Preeclampsia is generally classified as being “mild,” “moderate” or “severe.” In many cases, however, a mother with even mild preeclampsia can rapidly progress to a more severe form of the disease. Moderate and severe cases of preeclampsia can adversely affect numerous maternal organ systems, including the kidney, liver and vasculature. Undiagnosed or untreated preeclampsia can also lead to eclampsia, a potentially deadly consequence associated with significant maternal mortality and potentially permanent neurologic injuries, including intracerebral hemorrhage, blindness and cerebral palsy.
In cases where preeclampsia is undiagnosed or untreated, the baby can suffer from traumatic injuries. Preeclampsia can cause a decrease in the blood flow from the mother’s placenta to the baby, thereby reducing the transfer of oxygen and nutrients. Thus, in cases of moderate to severe pre-eclampsia, there can be reductions in the amniotic fluid (oligohydramnios), intrauterine growth restriction in which the baby does not grow normally, or placental abruption.
In any patient with preeclampsia, prudent management is critical to achieve a good outcome for both the mother and baby. Physicians managing patients with preeclampsia must conduct thorough maternal evaluations, including blood and urine laboratory tests, to continually assess the extent of the disease. It also is essential that physicians refer their patients who suffer from preeclampsia to maternal-fetal specialists, physicians who have special training and expertise in the management of preeclampsia.
In addition to carefully monitoring and treating the mother with preeclampsia, physicians must also initiate a regimen of fetal surveillance to determine what effects the preeclampsia may be having on the baby. Such tests typically will include weekly nonstress tests, biophysical profiles and ultrasound examinations to assess the level of amniotic fluid, and to determine whether the baby is growing normally. Because of the extreme risks associated with even mild to moderate preeclampsia, many physicians deliver their patients prior to term.
9. Traumatic Birth Injuries that Cause Cerebral Palsy:
Umbilical Cord Prolapse and Compression
The umbilical cord is the baby’s lifeline. Through the umbilical cord, oxygenated blood and nutrients are transported from the placenta to the baby. Any disruption in normal blood flow and gas exchange through the umbilical cord can lead to potentially devastating and traumatic injuries to the baby, including asphyxia and cerebral palsy.

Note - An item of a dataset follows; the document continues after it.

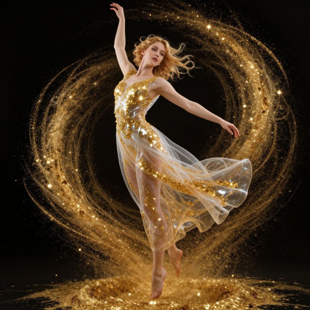 Photograph of a fair-skinned, blonde woman dancing gracefully against a black background. She wears a sheer, sleeveless dress adorned with gold sequins, which shimmer and reflect light. Her right arm is raised above her head, while her left arm extends outward, creating a dynamic pose. A swirling, golden, glittery trail surrounds her, adding a magical, ethereal effect. Her dress flows gently with her movement, and she stands barefoot on a golden, sparkling surface that matches the swirling trail. Her expression is serene and focused, embodying elegance and grace. The overall composition is vibrant and mesmerizing.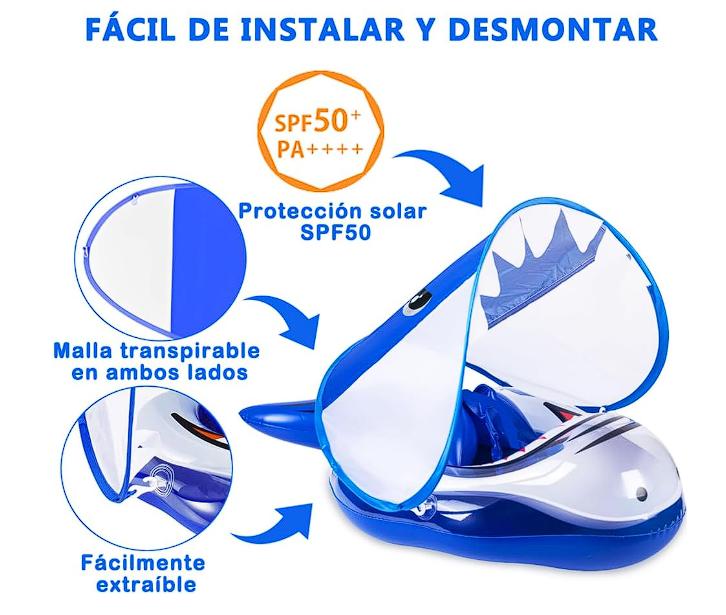 El flotador de Piscina para niño con dosel brinda protección solar UPF 50+, los lados son de malla transparente y visible para proteger la piel de su niño del sol, y el dosel es desmontable, sin importar en interiores o exteriores, disfrute nadando en cualquier momento y en cualquier lugar.

An umbilical cord prolapse, or a prolapsed cord, generally refers to a condition in which the umbilical cord descends or falls ahead of the part of the baby that is being delivered, often referred to as the “presenting part.” Umbilical cord prolapse can result in a sudden and potentially devastating reduction in the supply of oxygenated blood from the placenta to the baby through the umbilical cord.
Additionally, umbilical cord prolapse can result in vasospasm of the blood vessels through the umbilical cord, and a prolapsed cord may decrease in temperature. Both of these conditions can significantly impair the transfer of oxygenated blood to the baby.
Umbilical cord prolapse is frequently associated with “malpresentation” of the baby. Instead of being in the vertex position, where the head of the baby is at or near the pelvic inlet, “malpresentation” refers to those situations where some other part of the baby, such as the baby’s buttocks or feet, present at or near the mother’s pelvic inlet. Accordingly, whenever a baby is assessed as being in a breech or transverse lie presentation, the physician should be alert to the potential trauma and grave risks associated with the prolapse.
Umbilical cord prolapse is also frequently associated with the artificial rupture of the maternal membranes, also known as amniotomy. In many cases, maternal membranes are artificially ruptured before the fetal head is secure in the pelvic inlet. Thus, when the maternal membranes are artificially ruptured, umbilical cord prolapsed occurs.
Because of the increased risk of umbilical cord prolapse associated with the artificial rupture of membranes, or amniotomy, the physician should always determine that the fetal head is secure in the maternal pelvic inlet before artificially rupturing membranes.
A prolapsed umbilical cord represents an obstetrical emergency, which can quickly result in permanent neurologic damage. Accordingly, the prompt assessment of umbilical cord prolapse is critical to the implementation of appropriate medical interventions, which often include emergency C-section delivery. When an umbilical cord prolapse occurs, the baby will be at extreme risk for suffering trauma and hypoxia, thereby leading to such potentially severe consequences as permanent brain injury, cerebral palsy or even death.
10. Traumatic Birth Injuries that Cause Cerebral Palsy:
In most cases, the cord is about 20 inches long and almost 1 inch in diameter. It usually appears loosely coiled. Inside the cord are two arteries and one vein. The vein supplies the baby with oxygenated, nutrient-rich blood, and the arteries carry de-oxygenated, nutrient-depleted blood back to the placenta. On occasion, the umbilical cord will only have two vessels; one artery and one vein.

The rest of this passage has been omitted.